Question

You are standing on a sheet of ice that covers the football stadium parking lot in Buffalo; there is negligible friction between your feet and the ice. A friend throws you a 0.370kg ball that is traveling horizontally at 9.00m/s . Your mass is 67.5kg .

Part A:If you catch the ball, with what speed do you and the ball move afterwards?
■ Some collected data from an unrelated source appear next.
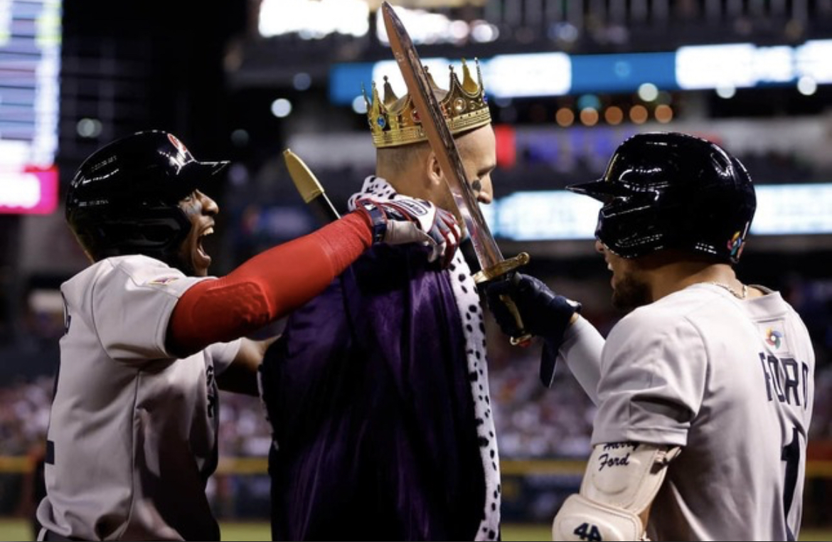 (アメリカ出身)が先制のソロホームランを放つと、ベンチでは王冠とマントを持ったチャベス・ヤング選手(バハマ出身)がお出迎え。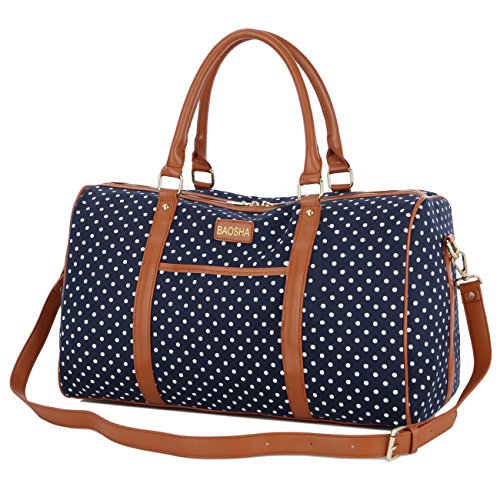 BAOSHA HB-25 - Borsone da viaggio in tela, da donna, per il weekend, per la notte, Pois blu. (Blu) - .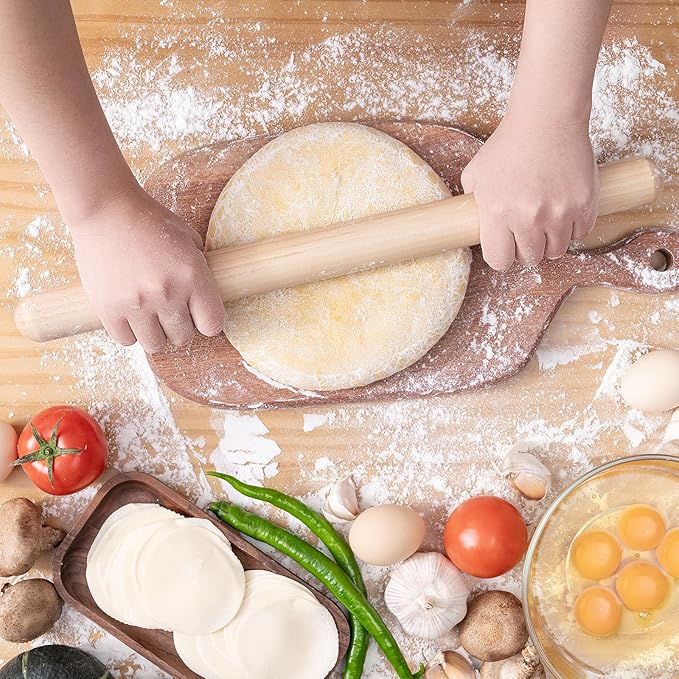AISOSO French Rolling Pin, 17.7 Inches Wood Rolling Pins for Baking, Extra Long Classic Wooden Dough Roller for Fondant Pizza Pie Crust Cookie Pastry, Kitchen Baking Essentials, Light Yellow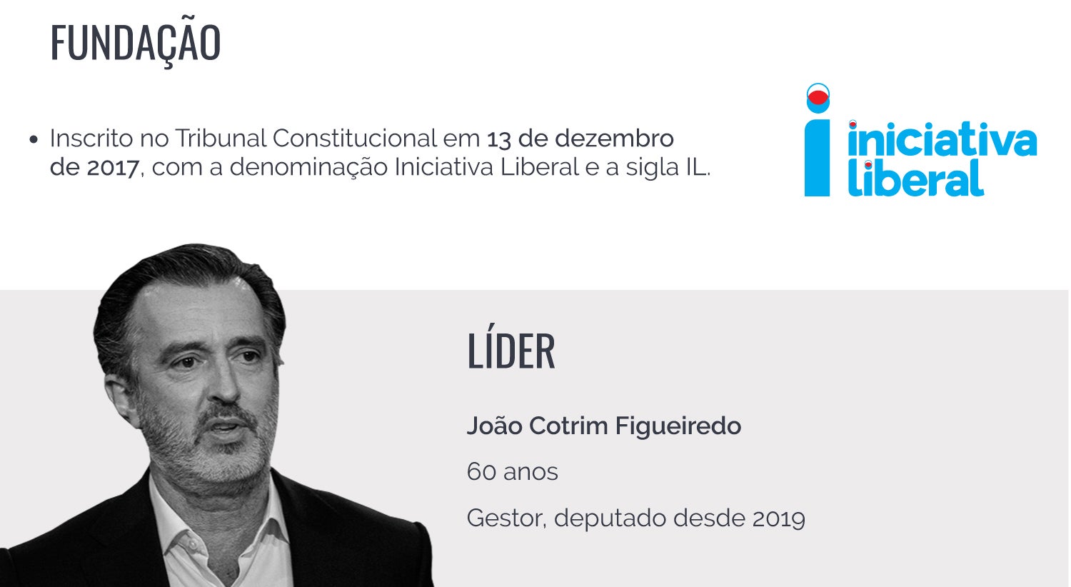 O presidente do partido, João Cotrim Figueiredo, é de novo cabeça de lista pelo círculo de Lisboa, seguido de Carla Castro, 43 anos, economista e doutorada em gestão que coordena o Gabinete de Estudos da Iniciativa Liberal, e ainda de Rodrigo Saraiva, 45 anos, consultor de comunicação, atualmente chefe de gabinete no Parlamento.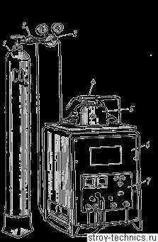 1 — баллон с углекислым газом, 2 — подогреватель, 3 — редуктор-расходомер, 4 — держатель со шлангом, 5 — подающий механизм, 6 — сварочный выпрямитель, 7 — пульт управления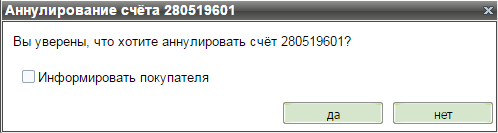 Выбор пункта «Аннулировать счет» контекстного меню вызывает открытие нового окна «Аннулирование счета» с запросом подтверждения действия. Чекбокс «Информировать покупателя» позволяет настроить отправку сообщения об аннулировании счета на электронный адрес покупателя.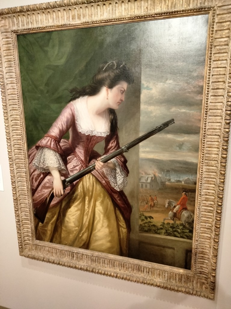 This painting has a hell of a story as it tells the tale of Abigail Hinman during the burning of New London in 1781. That’s her staring down Benedict Arnold. I’ll let the museum description tell the rest.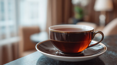 A cup of tea sits on a table in a cozy living room with a blurred background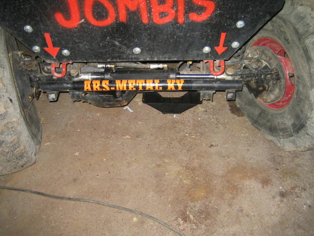 tässä muutama kuva jömbiksen ohjauksen toteutuksesta. kääntövarret on omavalmisteiset ja tuli noitten neljänpultin lisäksi kiinni vielä tonne käännön rajotuspultin taakse.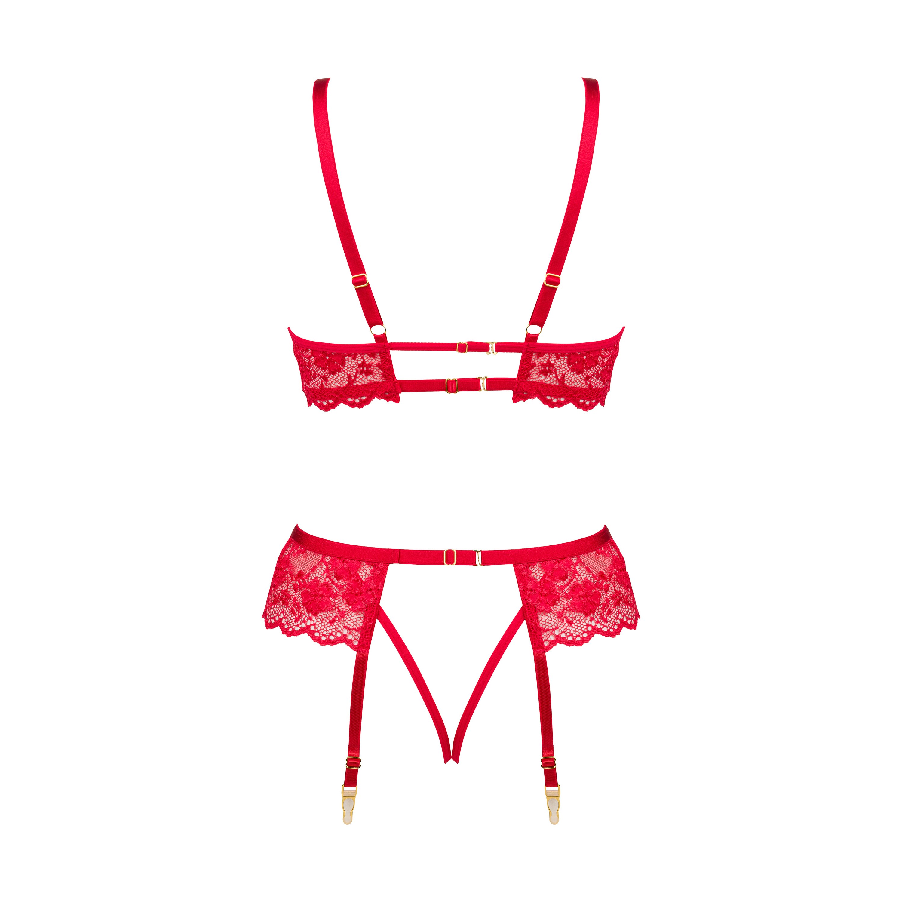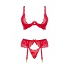 A classic lingerie set in red, consisting of a bra, panties, and a garter belt.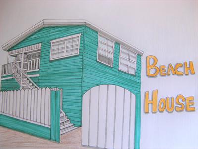 A beach house is a home I would want if I had bags of money. This is done with Tombow colored markers.
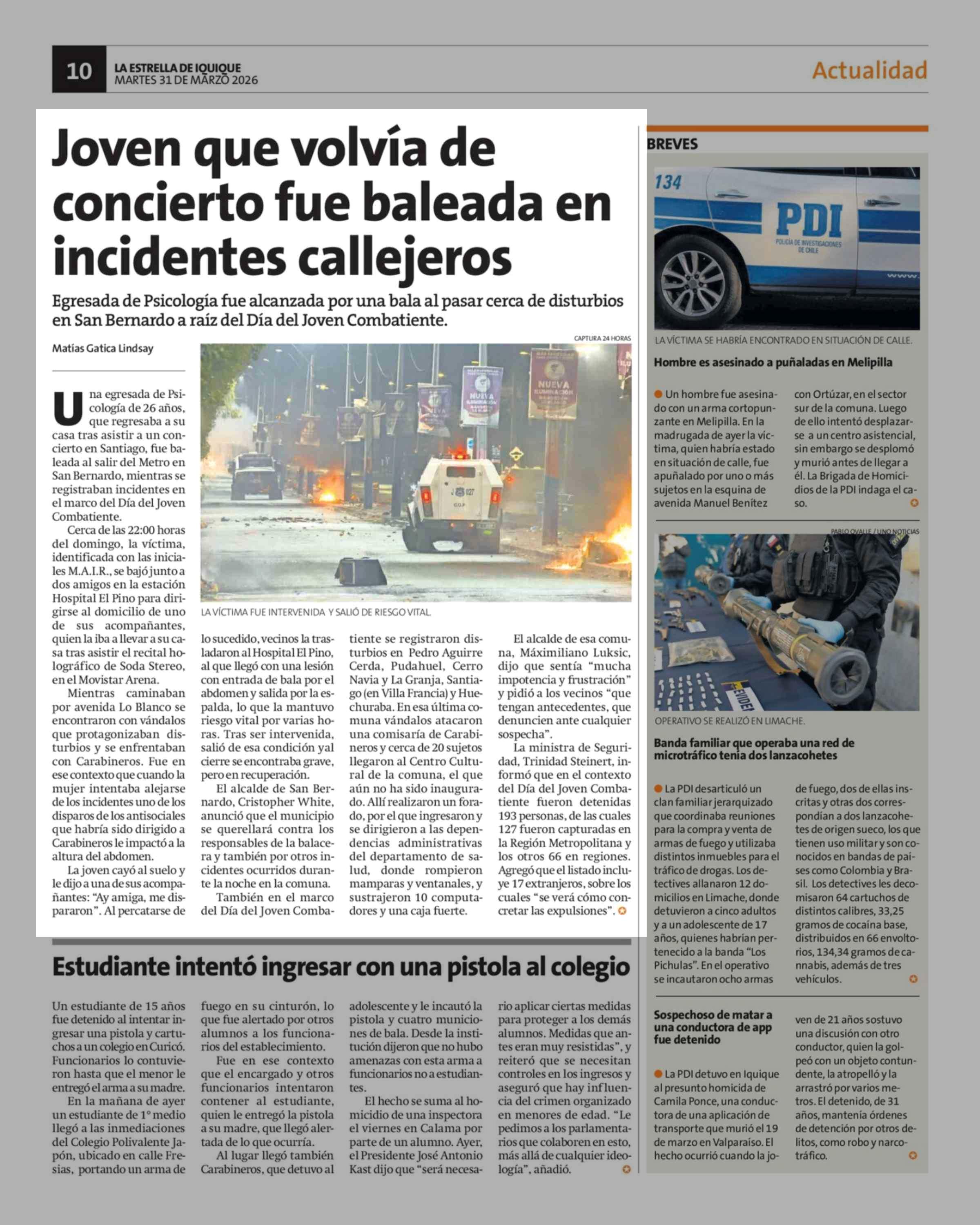 Joven que volvía de concierto fue baleada en incidentes callejeros 31-03-2026 La Estrella de Iquique |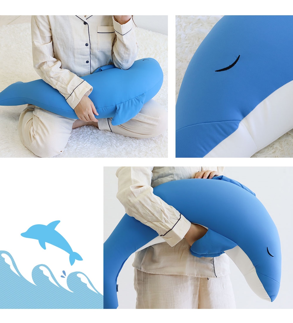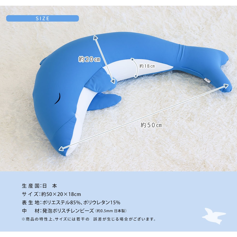抱き枕 ぬいぐるみ 大きい ビーズクッション 大きめ かわいい イルカ クッション インテリア 腰当て 背あて まくら もちもち マイクロビーズクッション 抱きまくら 癒し 横向き寝 子供 0.5mmビーズ 極小ビーズ 日本製 青 ブルー PAB-1 送料無料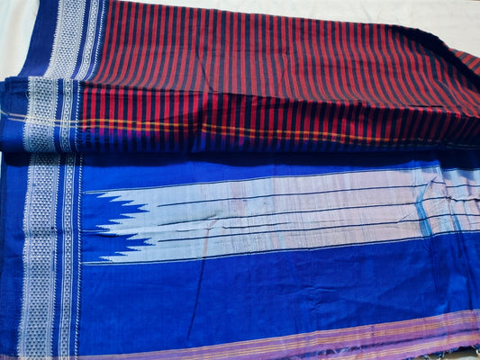 Ilkal Pure Cotton Saree Red with yellow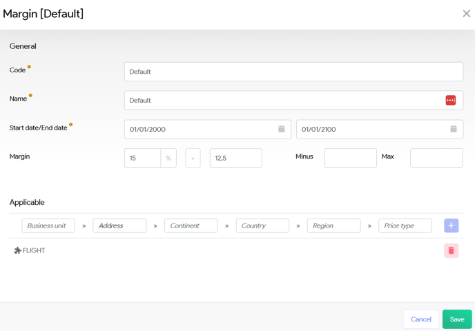 | Code | Internal identifier (e.g. Default Margin, Margin hotels EU, Airport Tax) |

Part B:If the ball hits you and bounces off your chest, so that afterwards it is moving horizontally at 8.25

m/s in the opposite direction, what is your speed after the collision?

Answer 1

mass of the ball = 0.370 kg =m

velocity with which the ball approaches = 9.0 m/s=u

mass of the person to whom it is thrown = 67.5 kg = M

part (a) .when the poerson catches the ball ,the ball and man moves with same velocity that can be given by conservation of momentum

let V be the velocity of combined mass

and the initial direction of velocity of ball is taken to be negative ,

initial momentum of the ball = final momentum of ball+man together as a system

-m*u= (m+M)*V or V= -m*u/(m+M) = -0.049 m/s

hence the velocity with which the man and the ball would move = 0.049 m/s

part (b) when the ball hits me and rebounds back

after the rebound the velocity of ball = 8.25 m/s along +x direction =v(r)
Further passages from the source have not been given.